*** Block opens ***

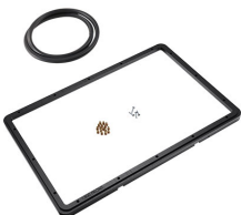
1500PF Special Application Panel Frame
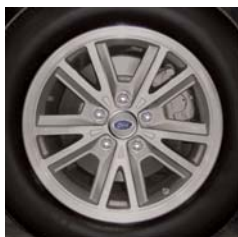
16" Painted Aluminum Wheel w/Bright Machined Face Std. on V6 Deluxe (94B)

Optional Axle Ratio = 3.55 Limited Slip GT Manual Transmission Only (455)
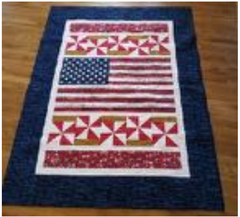
Gretchen Ryan (2 quilts)
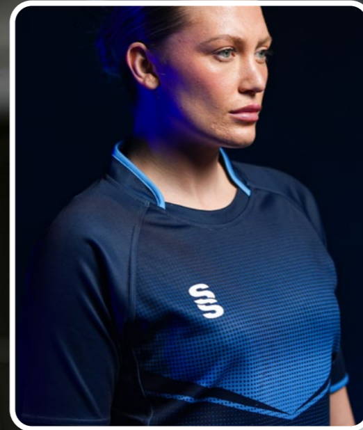
Focus Range Sky/Navy
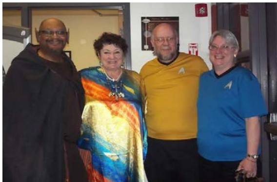
Trekkies at a Movie of the Month program

We added a few new magazine subscriptions to the library collection.
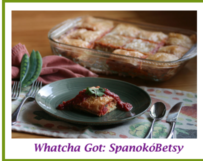
Whatcha Got: SpanakóBetsy

extraneous food. I can't tell you how many times my husband has hounded me to clear out the refrigerator of myriad half-packages of cheese!
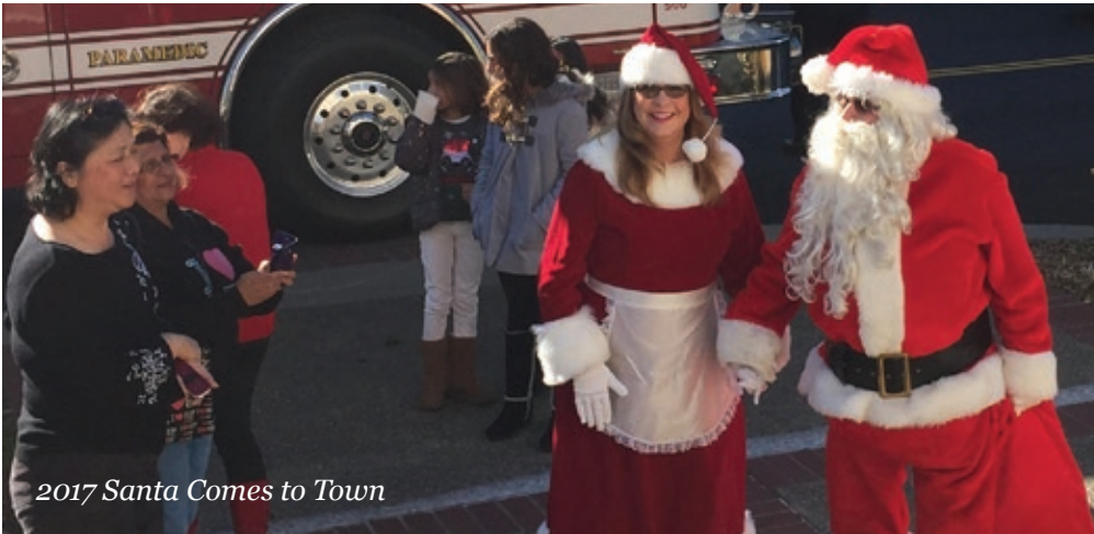
2017 Santa Comes to Town

Santa Comes to Town is quickly approaching! Santa will make his annual visit on Saturday, December 1, from 11:00 a.m. to 3:00 p.m. at City Hall, 400 Grand Avenue, South San Francisco.
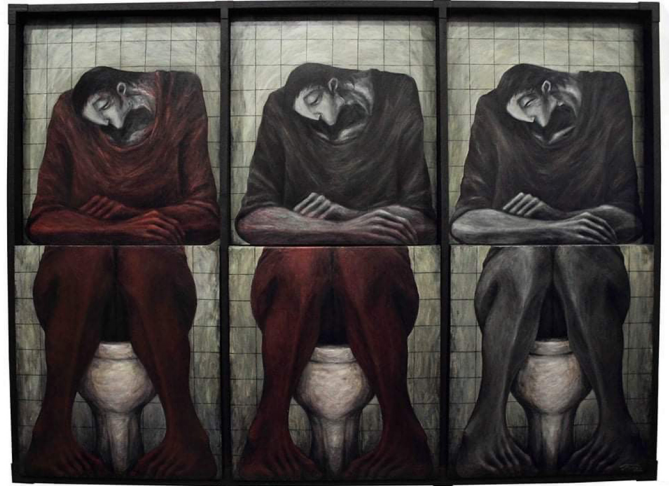
TAKE THAT SHIT OUT OF YOU Cendrick Dela Paz 36 x 48 inches Acrylic on Canvas 2020
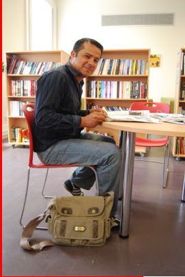
A client using our recently refurbished Activities Room

“The new building is fantastic. It is wonderfully bright, airy and spacious. We have received so many positive comments about the building. It has made both staff and clients feel quite proud to be in such a beautiful space. The clients say it makes them feel special”
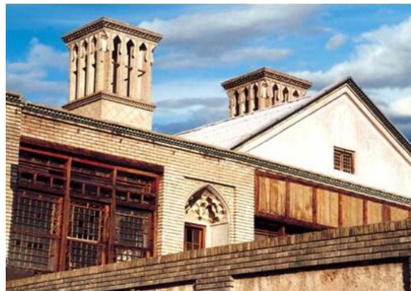
Fig.3: Street View of Qavam al-Dowleh House
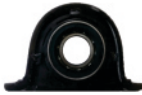
JKP Part No : A10294BR TATA MOTORS - 2213 / 2416 Bearing Assy 6211 with Bracket
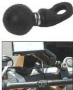
RAM-B-272U RAM BASE WITH 9 MM HOLE AND 1" BALL
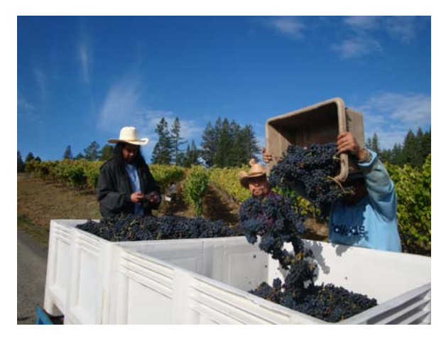
THE FIRST PINOT GRAPES CAME IN ON SEPTEMBER 26 -- JUST ABOUT A MONTH LATER THAN NORMAL!
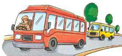
bus and van
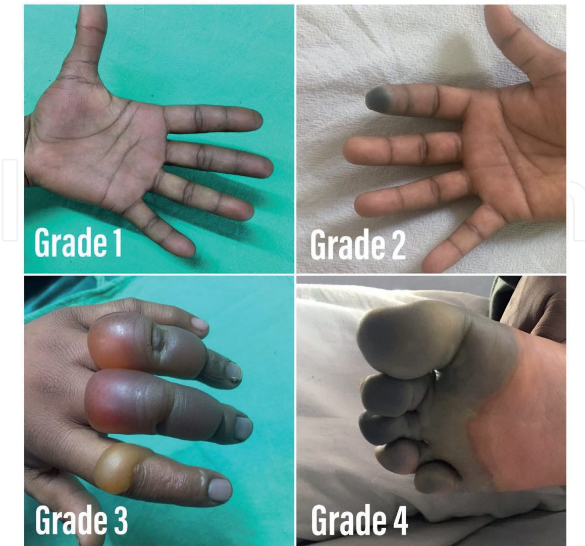
Figure 2. Grades of frostbite.
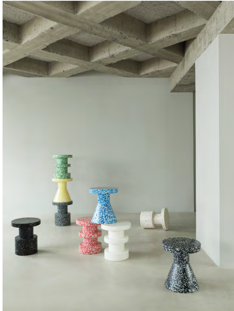
Bit Stool in different variations

Crafted from 100% recycled plastic, Bit Stool is a circular and versatile design with countless possibilities for any space.
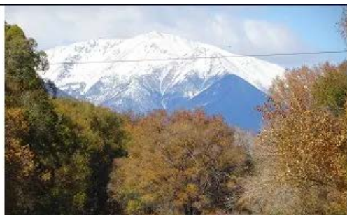
Snowy Peaks in Colorado
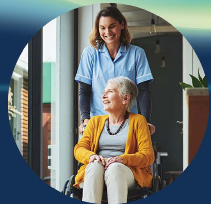
Outpatient and Home
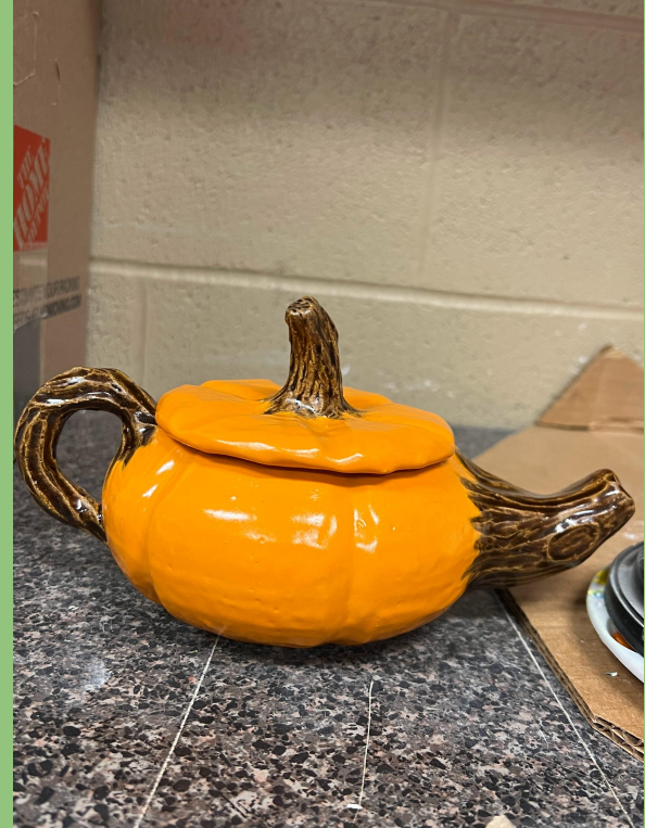
Casey's pumpkin teapot.
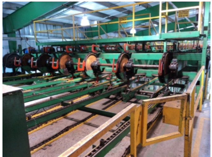
40 bin J Bar Drop Pocket Sorter

*** Block closes ***

▸ **WORK INSTRUCTIONS**
Your answer must be the full listing, word for word, minus any images.

▸ **SOLUTION BELOW**
1500PF Special Application Panel Frame
16" Painted Aluminum Wheel w/Bright Machined Face Std. on V6 Deluxe (94B)

Optional Axle Ratio = 3.55 Limited Slip GT Manual Transmission Only (455)
Gretchen Ryan (2 quilts)
Focus Range Sky/Navy
Trekkies at a Movie of the Month program

We added a few new magazine subscriptions to the library collection.
Whatcha Got: SpanakóBetsy

extraneous food. I can't tell you how many times my husband has hounded me to clear out the refrigerator of myriad half-packages of cheese!
2017 Santa Comes to Town

Santa Comes to Town is quickly approaching! Santa will make his annual visit on Saturday, December 1, from 11:00 a.m. to 3:00 p.m. at City Hall, 400 Grand Avenue, South San Francisco.
TAKE THAT SHIT OUT OF YOU Cendrick Dela Paz 36 x 48 inches Acrylic on Canvas 2020
A client using our recently refurbished Activities Room

“The new building is fantastic. It is wonderfully bright, airy and spacious. We have received so many positive comments about the building. It has made both staff and clients feel quite proud to be in such a beautiful space. The clients say it makes them feel special”
Fig.3: Street View of Qavam al-Dowleh House
JKP Part No : A10294BR TATA MOTORS - 2213 / 2416 Bearing Assy 6211 with Bracket
RAM-B-272U RAM BASE WITH 9 MM HOLE AND 1" BALL
THE FIRST PINOT GRAPES CAME IN ON SEPTEMBER 26 -- JUST ABOUT A MONTH LATER THAN NORMAL!
bus and van
Figure 2. Grades of frostbite.
Bit Stool in different variations

Crafted from 100% recycled plastic, Bit Stool is a circular and versatile design with countless possibilities for any space.
Snowy Peaks in Colorado
Outpatient and Home
Casey's pumpkin teapot.
40 bin J Bar Drop Pocket Sorter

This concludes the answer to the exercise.